Records from a collection
::::::::::

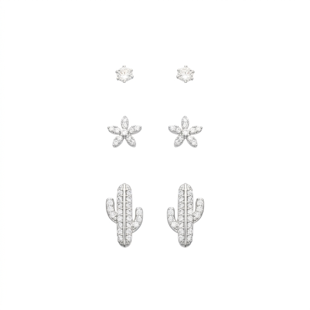 Charmoso, moderno e superversátil, o Trio de Brincos Cacto, Flor e Ponto de Luz é a escolha ideal para quem ama peças delicadas com um toque de brilho.
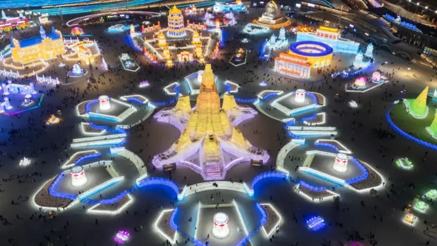 У китайському Харбіні стартував щорічний Фестиваль льоду та снігу, на якому гігантські крижані скульптури сяють у світлі тисяч ліхтарів, а відвідувачі занурюються в крижану воду.
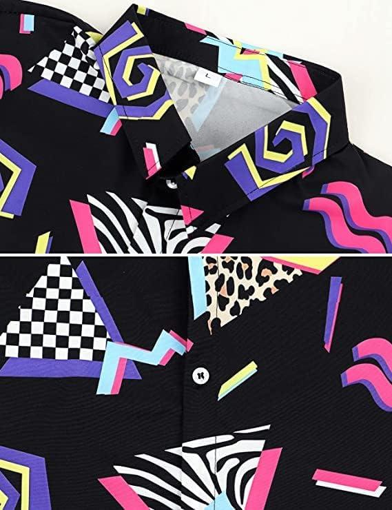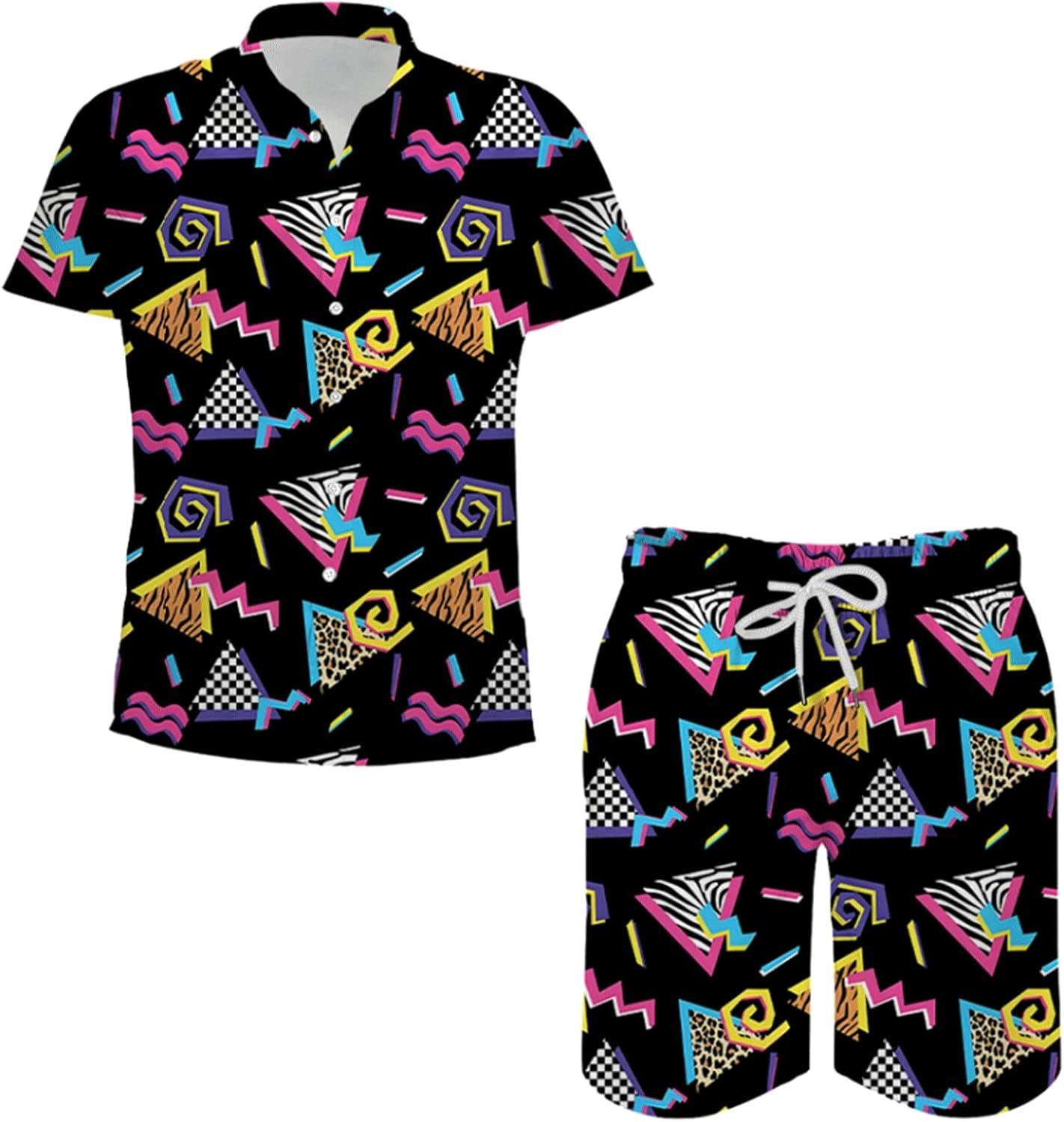 Arssm Mens 2 Pieces Vintage Shirts and Shorts Set 80s 90s Outfit Button Down Beach Suit Quick Dry for Vintage Halloween Party(Black)
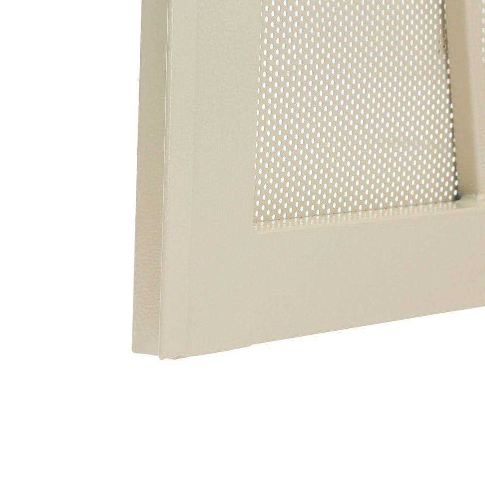The heavy-duty 2 in. x 1 in. thick steel frame offers excellent forced-entry deterrence, enhanced by a galvanized, perforated metal screen. The protective powder-coat finish and elegant design complement a variety of home styles. A 2-3/8 in. lockset opening accommodates most back-set locksets (sold separately). The door can be mounted either left or right-hinged to an existing door trim surface. Color: Navajo White.
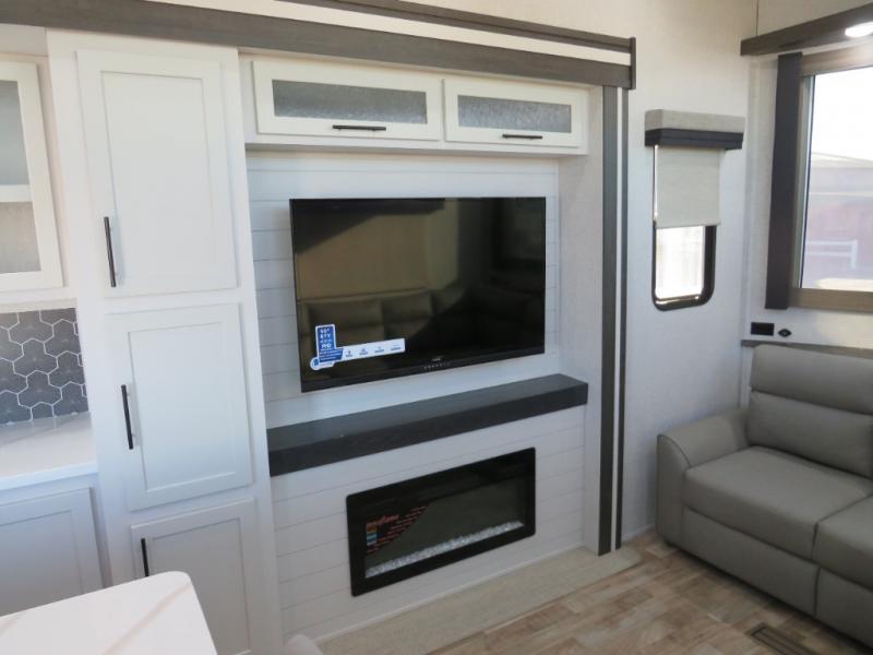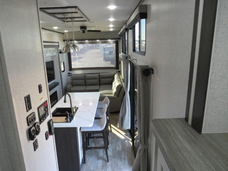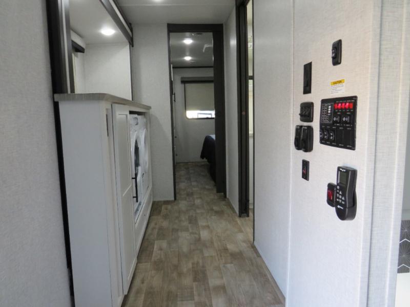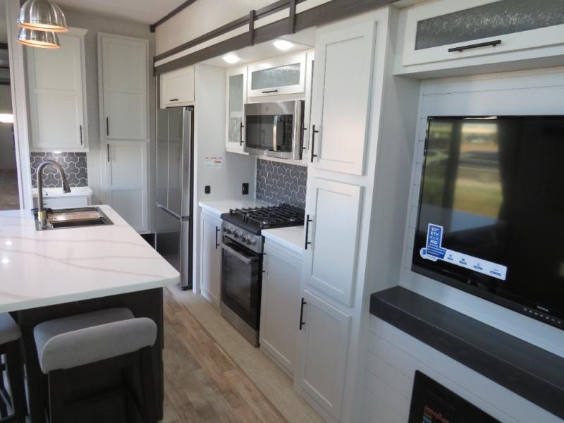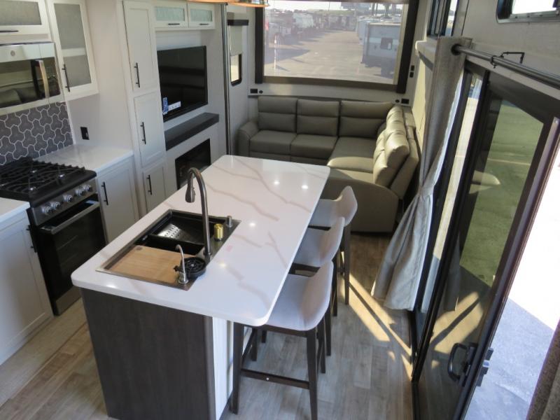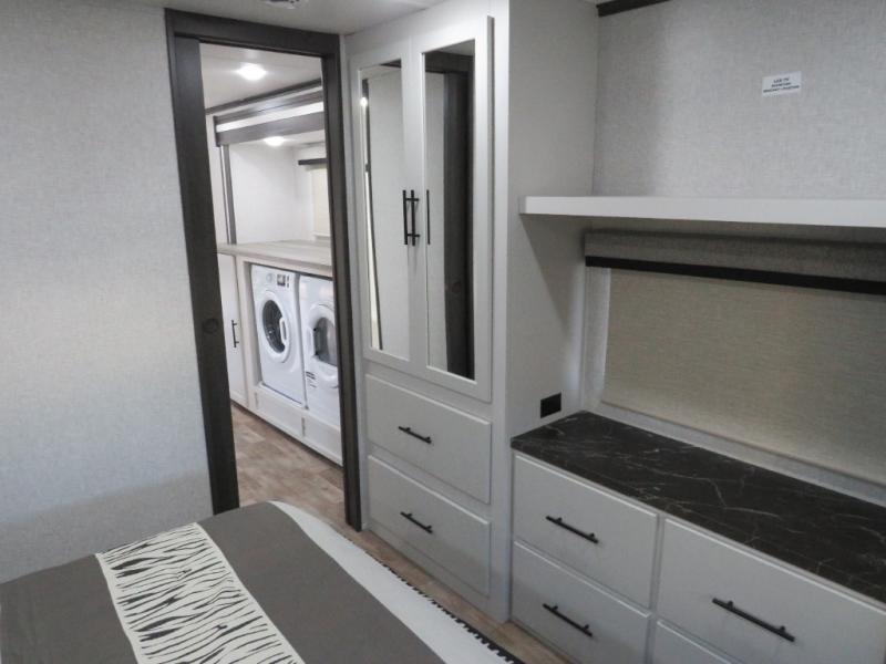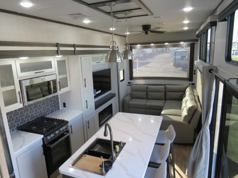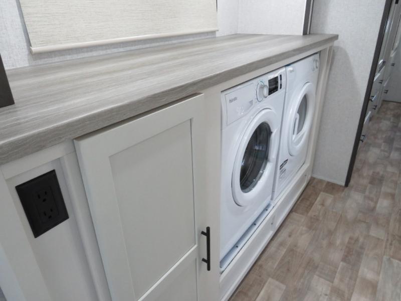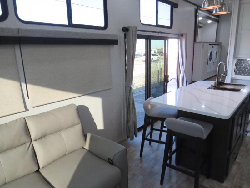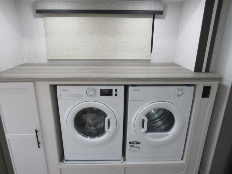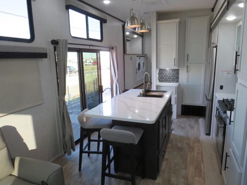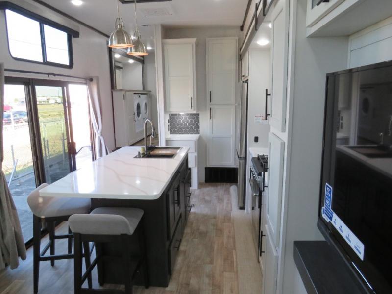You'll love every minute spent in this spacious destination trailer. There is a front living area with an L-shaped sofa, a 65" TV plus a fireplace to make it feel more like home. You will find a large kitchen island with four stools where you can dine together each day. The kitchen also includes a pantry, closet, hutch, and overhead cabinets for tons of storage space. The full bath includes dual bath sinks and a spacious 48" shower, and right across the hall is a slide out with space for a washer/dryer. Head to the rear private bedroom where you can sleep soundly on the king bed slide out and keep your items organized in the dresser and wardrobes. And outside, you'll find five baggage doors so nothing gets left behind!
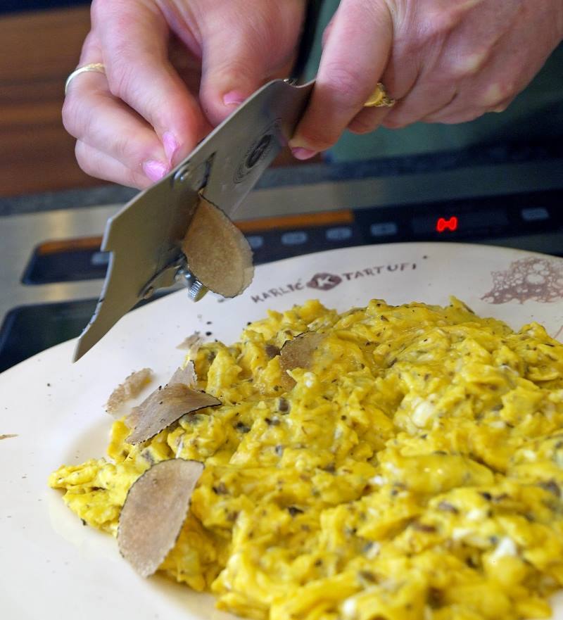 Gospođa Karlić nas je ugostila u novootvorenom restoranu priredivši nam plate s raznim sirevima s tartufom i suhomesnatim proizvodima naravno također od tartufa, kao i kanapeiće s raznim namazima od tartufa, kojega nazivaju „Mozartom među gljivama“.
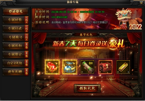 1)登录豪礼--活动期间,登录游戏即可领取丰厚大礼!
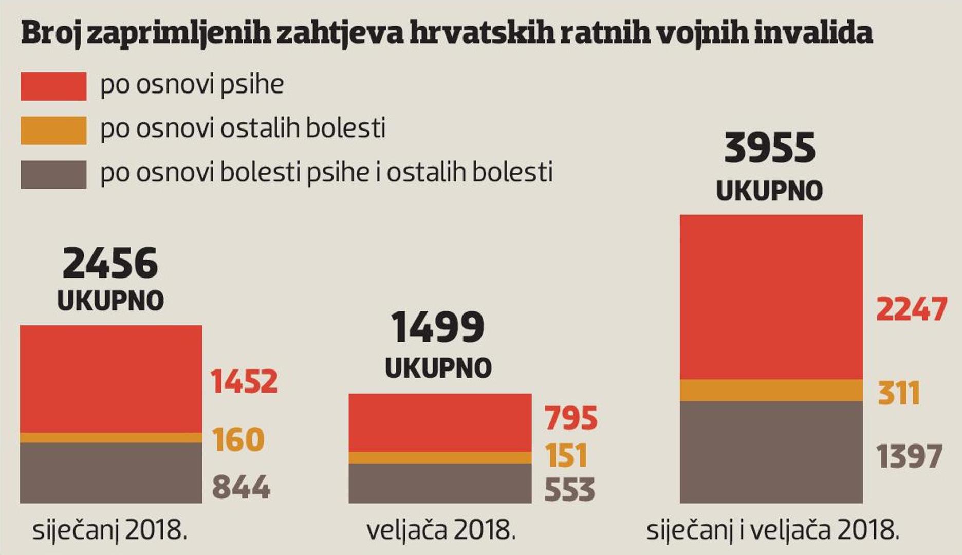 No, ako je suditi prema broju zahtjeva za priznavanje statusa ratnog vojnog invalida čak 23 godine nakon završetka Domovinskog rata, što je jedna od novosti omogućenih temeljem novog zakona, Plenkovićeva Vlada nesmetano nastavlja provoditi ono što je braniteljima i obećala, pod cijenu stvaranja novih korisnika mirovina. Tijekom siječnja i veljače, doznajemo u resornom ministarstvu, podneseno je ukupno 3955 zahtjeva za priznavanje statusa hrvatskog ratnog vojnog invalida iz Domovinskog rata. Najveći broj odnosi se na zahtjeve na temelju psihe, njih 2247, te po osnovi psihe i ostalih bolesti, njih 1397, dok je zahtjeva za status po osnovi ostalih bolesti uputilo njih 311.

::::::::::

● **ABOUT THIS TASK**: Exact repetition is the task: every line from the start of the data to the line with "У китайському Харбіні", inclusive, and none after it, pictures omitted.

● **WRITTEN RESPONSE**:
 Charmoso, moderno e superversátil, o Trio de Brincos Cacto, Flor e Ponto de Luz é a escolha ideal para quem ama peças delicadas com um toque de brilho.
 У китайському Харбіні стартував щорічний Фестиваль льоду та снігу, на якому гігантські крижані скульптури сяють у світлі тисяч ліхтарів, а відвідувачі занурюються в крижану воду.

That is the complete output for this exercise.